A TRAJETÓRIA DE UMA POPULAÇÃO TRADICIONAL LITORÂNEA E SEU QUADRO ATUAL

Por: Samantha Prado

O quanto você sabe sobre a história local e da população tradicional que deu origem ao que hoje é seu destino de férias?

Os lugares onde muitos turistas passam dias relaxando diante de belas paisagens litorâneas já foi – e, em alguns casos, ainda é – lar de uma das mais antigas culturas de nosso país.

A cultura e narrativa caiçara continua sendo, de forma geral, muito silenciada – em especial pelas meras banalizações daqueles que os classificam como “índios”, uma forma de apontá-los como “não civilizados”. Entretanto, seguem resistindo contra a urbanização acelerada, aos excessos do turismo e aos projetos de grande empresários, a fim de preservar sua memória e seu ambiente natural.

MUNDO LITORÂNEO ALÉM DAS PRAIAS TURÍSTICAS
Denominam-se caiçaras os habitantes do litoral das regiões Sudeste e Sul do Brasil, formados a partir da miscigenação entre índios, brancos e negros. Fazendo parte das culturas litorâneas nacionais, os caiçaras representam um forte elo entre o homem e seus recursos naturais, o que os configura como um exemplo de comunidade harmônica com seu ambiente – tendo em sua tradição a pesca artesanal, a agricultura, a caça, o extrativismo vegetal e o artesanato.

O termo caiçara nasce do tupi-guarani, da palavra “caa-içara”. Separadas, cada palavra sugere uma definição: caa significa galhos, paus; içara significa armadilha. A ideia advinda da junção seria algo como “armadilha de galhos”, referindo-se ao “cerco” feitos nas águas para capturar peixes – uma atividade típica das comunidades pescadoras tradicionais que viviam ao longo do litoral carioca, paulista e paranaense.

“O mundo caiçara era uma sociedade que trabalhava em suas roças e pescava para complementar suas necessidades básicas de sobrevivência” define a professora doutora Maria Luiza Marcilio, hoje docente na graduação de história da Universidade de São Paulo. Ela conta que há muito estudo concentrado na grande agricultura, no binômio entre senhores e escravos, e pouca atenção às populações litorâneas. “Pouco estudaram as realidades humanas que viverem em muitos dos seus interstícios litorâneos, dos roceiros, camponeses-lavradores e pescadores, os caiçaras.” Essa cultura foi estudada por ela no livro ‘Caiçara: terra e população’ (Edusp, 2ª edição, 2006), no qual calca suas falas sobre esse povo.

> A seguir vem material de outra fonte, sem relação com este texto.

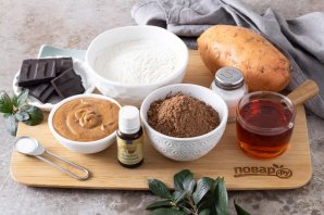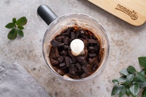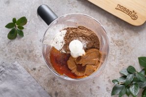 Добавьте кленовый сироп, разрыхлитель, щепотку соли, муку, ванильный ароматизатор, миндальную пасту и какао-порошок. Еще раз измельчите до однородности. Тесто должно получиться густым, но если оно совсем тугое и «пластилиновое», то допустимо добавить немного воды или молока, чтобы сделать консистенцию более подходящей.
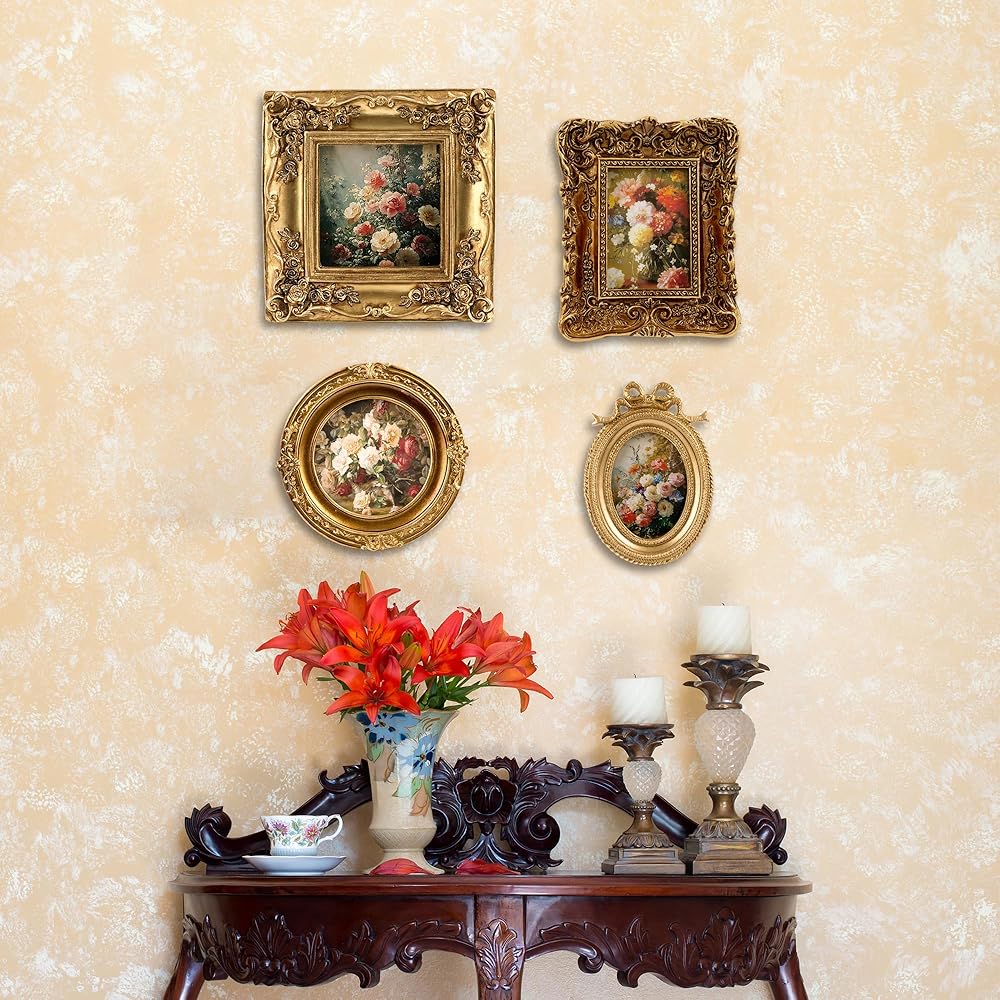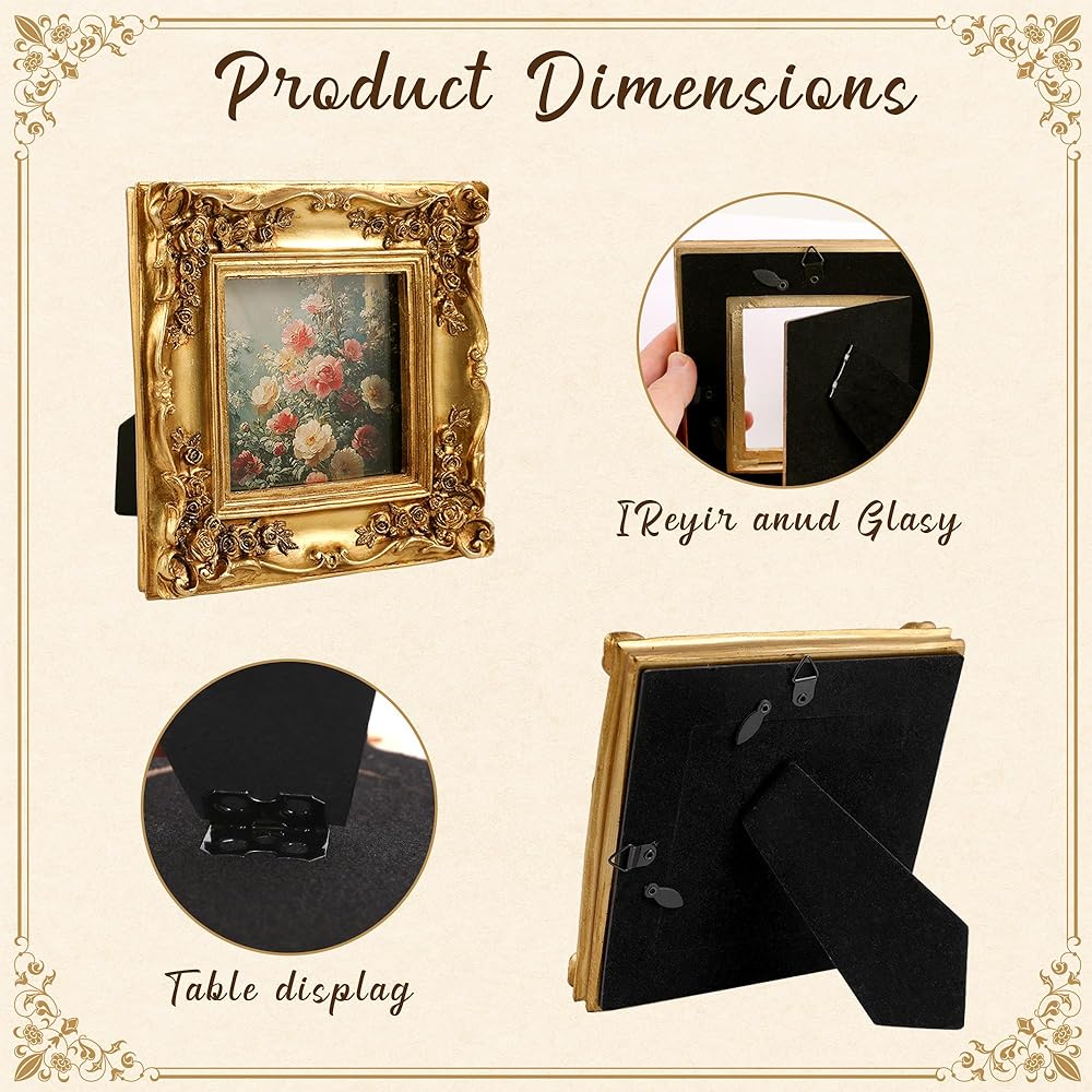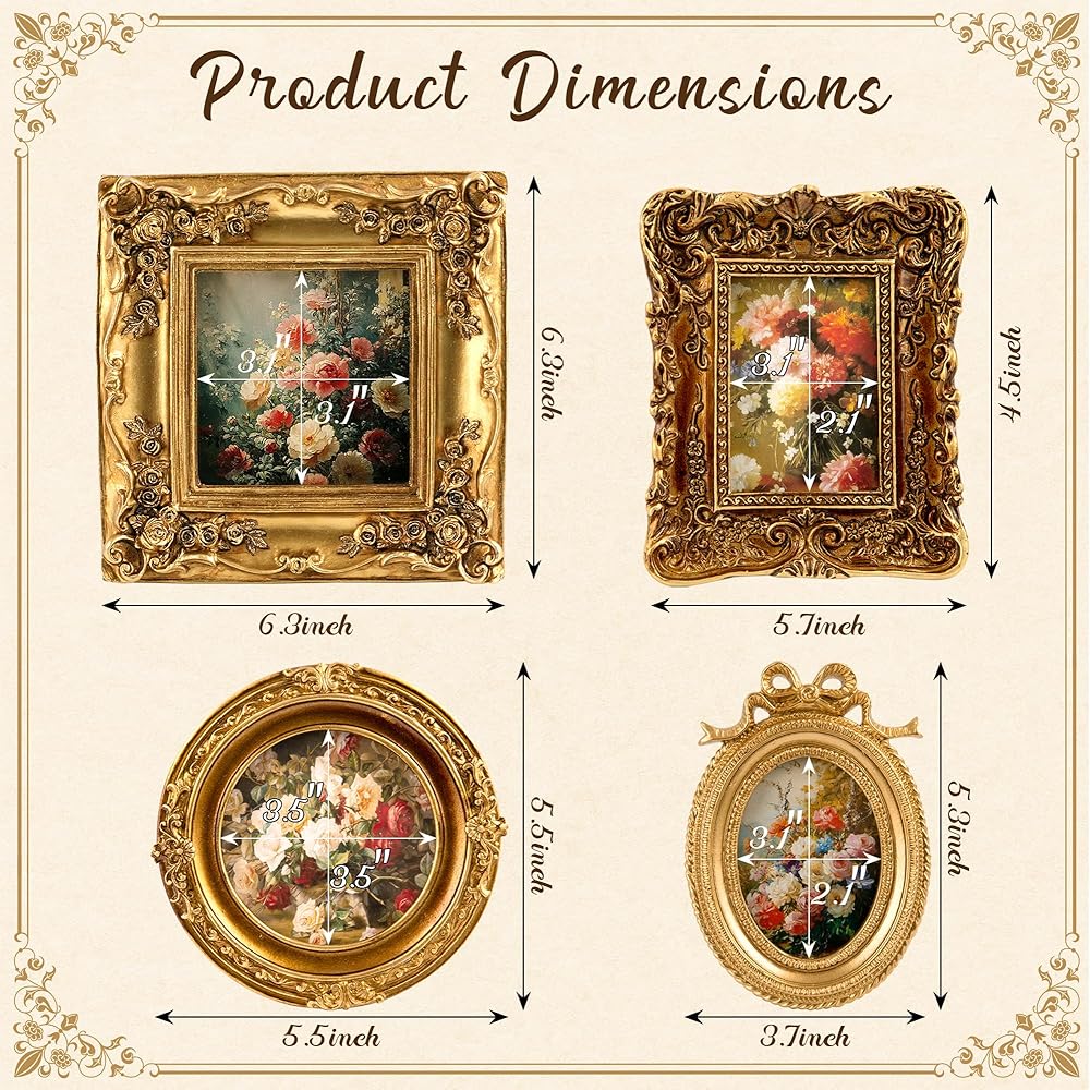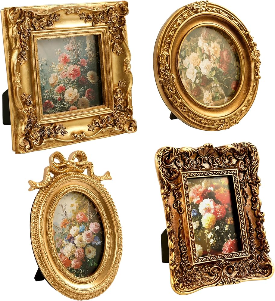 مجموعة من 4 إطارات صور ذهبية عتيقة صغيرة عتيقة للتعليق على الحائط وعرض الطاولة، إطار صورة ذهبي مزخرف صغير لديكور المنزل الفني (5.7 بوصة × 4.7 بوصة، 5.5 بوصة × 5.5 بوصة، 3.7 بوصة × 5.3 بوصة، 6.3 بوصة × 6.3 بوصة)

Apesar de ser uma cultura que viveu quase um século em parcial isolamento, hoje trava contatos cada vez maiores com o universo urbano. O surto de desenvolvimento continuado em suas áreas atendeu as duas grandes demandas econômicas regionais: portuária e turística. Muitas novidades oriundas dos novos contatos acabam por afetar tradições e o modo de vida dessa população. Contudo, ainda restam alguma áreas de persistência significativa da herança cultural tradicional caiçara, entre elas a Estação Ecológica Juréia Itatins – localizada no litoral sul paulista.

Barra do Una na E.E. Juréia Itatins – Imagem: Henrico Marrone

A Estação Ecológica Juréia Itatins foi criada em 1986, sendo uma área de preservação com 84 379,33 hectares, abrangendo os municípios de Iguape, Miracatu, Itariri, Pedro de Toledo e Peruíbe – localizados entre a Baixada Santista e o Vale do Ribeira. Região de floresta atlântica remanescente, a disputa por suas terras já geraram diversos conflitos. Durante o governo militar, houveram projetos para instalação de duas usinas nucleares – nunca realizadas – o que preservou a área da especulação imobiliária.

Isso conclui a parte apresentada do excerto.